Première étape à Taisnil où on couche dans une cave. Il y a là des soldats français blessés qui reviennent de combats sur la route du haut de Bacouel. Il paraît que des civils ont été tués et qu’un soldat a eu la tête arrachée par un obus : pas de doute, il fallait partir.

Seconde étape et nouvelle alerte entre Taisnil et Frémontiers: des avions allemands lâchent des bombes que l’on voit distinctement tomber  sur un bois où sont des soldats français. On arrive quand même au château déserté de Frémontiers. En partant les châtelains ont laissé un écriteau : Si vous voulez qu’on respecte votre maison, respectez celle des autres. Peine perdue : le château est dans un désordre indescriptible et le pillage  va bon train.

Troisième étape Grandvilliers : on dort dans une grange : d’un côté les civils, de l’autre des militaires. On y fait la connaissance d’un autre groupe venu de Prouzel. Des soldats qui montent au front donneront un poulet que l’on se partagera à 18. Yvonne part en vélo pour aller faire la queue dans une boulangerie. Le pain qu’elle ramène aurait pu tuer un homme tellement il est dur ; ce n’est pas qu’il ait eu le temps de rassir, mais le boulanger a dû le cuire sans levure… Georges Fournier, de son côté, a pu hériter dans une charcuterie  d’un quart de saindoux qu’il met dans sa poche dans un bout de mauvais papier sulfurisé ; alors qu’il fait la queue dans un autre magasin, son attention est attirée par des gouttes qui tombent à ses pieds ; le saindoux a fondu le long de sa jambe !

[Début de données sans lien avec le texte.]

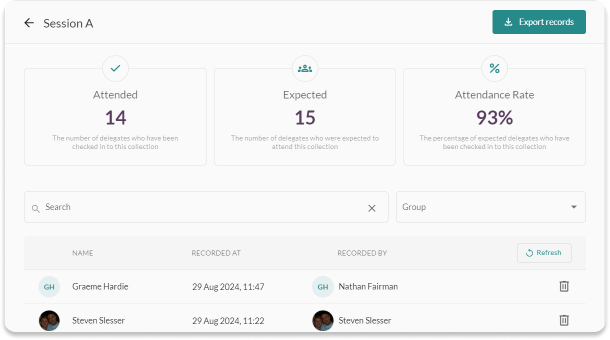 There is also a table listing all scanned attendees, which is searchable by name and can be filtered by group. The button on the top left ‘Export records’ with export an Excel report for this session. The Excel includes:

A minuit tout le monde est réveillé : ordre de quitter la zone des combats en train a été donné par on ne sait quelle autorité. Au moment du départ, une des femmes du groupe  cherche avec obstination son chapeau égaré dans la paille: « Min capiau, où qu’il est min capiau ? ». Son mari s’énerve : « Tu nous emm… avec tin capiau ! ». Grand éclat de rire général : dans ce contexte d’apocalypse, la vie a repris un court instant un peu de couleur. Mais, peu après, on ne rira plus du tout quand on s’apercevra que le mari, déconcentré, en a laissé derrière lui l’unique moulin à café du groupe.

Le train qui emporte tout ce petit monde finira sa course à Belle Isle en Mer –déjà une belle petite station balnéaire- mais pour un séjour qui n’aura rien de touristique.